Getting Started with R-CNN, Fast R-CNN, and Faster R-CNN

Object detection is the process of finding and classifying objects in an image. One deep learning approach, regions with convolutional neural networks (R-CNN), combines rectangular region proposals with convolutional neural network features. R-CNN is a two-stage detection algorithm. The first stage identifies a subset of regions in an image that might contain an object. The second stage classifies the object in each region.

Applications for R-CNN object detectors include:

Autonomous driving
Smart surveillance systems
Facial recognition

Computer Vision Toolbox™ provides object detectors for the R-CNN, Fast R-CNN, and Faster R-CNN algorithms.

Instance segmentation expands on object detection to provide pixel-level segmentation of individual detected objects. Computer Vision Toolbox provides layers that support a deep learning approach for instance segmentation called Mask R-CNN. For more information, see Getting Started with Mask R-CNN for Instance Segmentation.

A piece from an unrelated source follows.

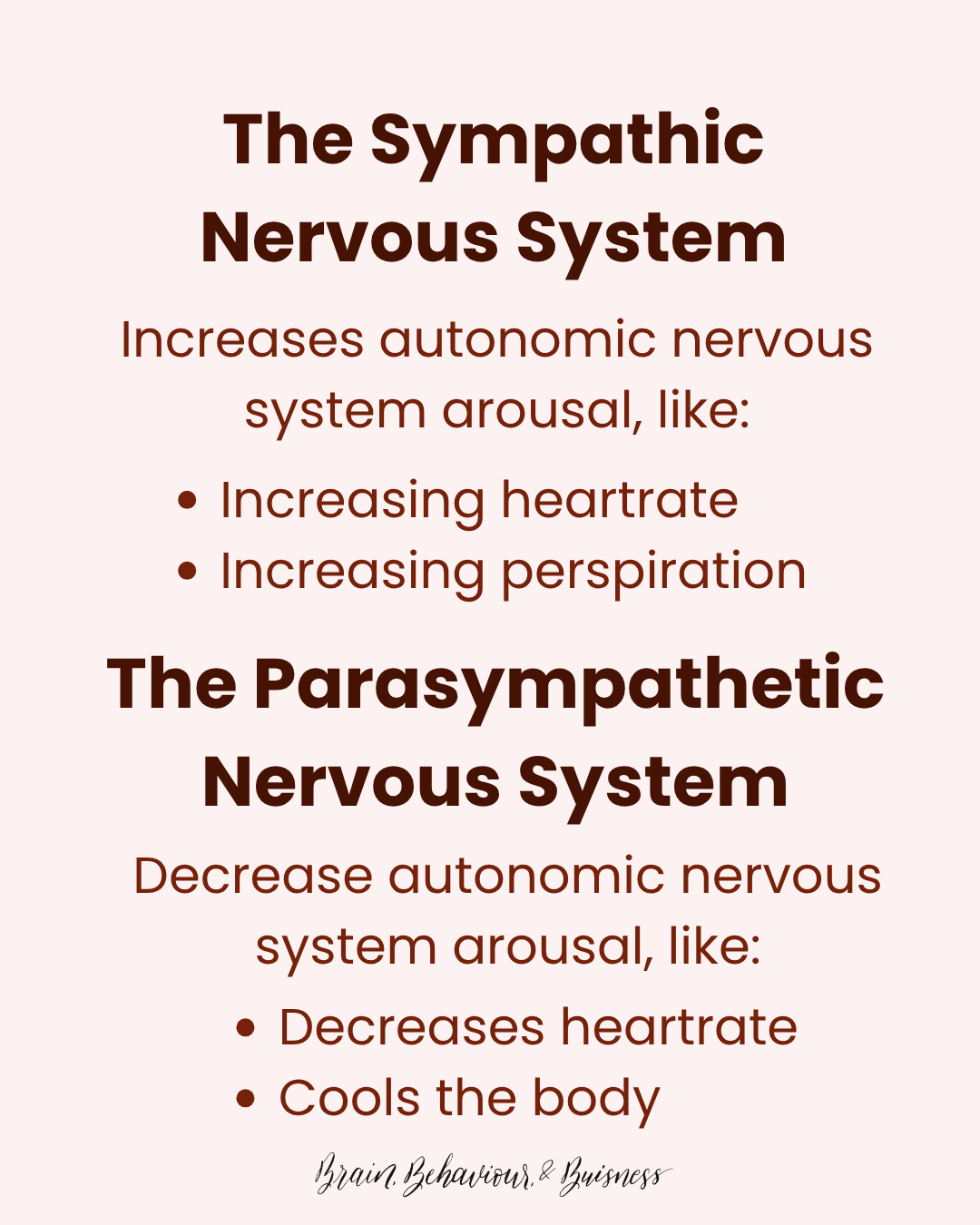 Despite what the term sympathetic might make you thinking, this system if anything but. In fact, it’s the system in this dyad that’s responsible for increasing nervous system arousal. This system includes body changes like increases in heart rate and therefore blood pressure, sweating, blushing, etc. It also is the system responsible for the fight or flight response.

Object Detection Using R-CNN Algorithms

Models for object detection using regions with CNNs are based on the following three processes:

Find regions in the image that might contain an object. These regions are called region proposals.
Extract CNN features from the region proposals.
Classify the objects using the extracted features.

There are three variants of an R-CNN. Each variant attempts to optimize, speed up, or enhance the results of one or more of these processes.

R-CNN

The R-CNN detector [2] first generates region proposals using an algorithm such as Edge Boxes [1]. The proposal regions are cropped out of the image and resized. Then, the CNN classifies the cropped and resized regions. Finally, the region proposal bounding boxes are refined by a support vector machine (SVM) that is trained using CNN features.

Use the trainRCNNObjectDetector function to train an R-CNN object detector. The function returns an rcnnObjectDetector object that detects objects in an image.

Fast R-CNN

As in the R-CNN detector , the Fast R-CNN [3] detector also uses an algorithm like Edge Boxes to generate region proposals. Unlike the R-CNN detector, which crops and resizes region proposals, the Fast R-CNN detector processes the entire image. Whereas an R-CNN detector must classify each region, Fast R-CNN pools CNN features corresponding to each region proposal. Fast R-CNN is more efficient than R-CNN, because in the Fast R-CNN detector, the computations for overlapping regions are shared.

Use the trainFastRCNNObjectDetector function to train a Fast R-CNN object detector. The function returns a fastRCNNObjectDetector that detects objects from an image.

Faster R-CNN

The Faster R-CNN [4] detector adds a region proposal network (RPN) to generate region proposals directly in the network instead of using an external algorithm like Edge Boxes. The RPN uses Anchor Boxes for Object Detection. Generating region proposals in the network is faster and better tuned to your data.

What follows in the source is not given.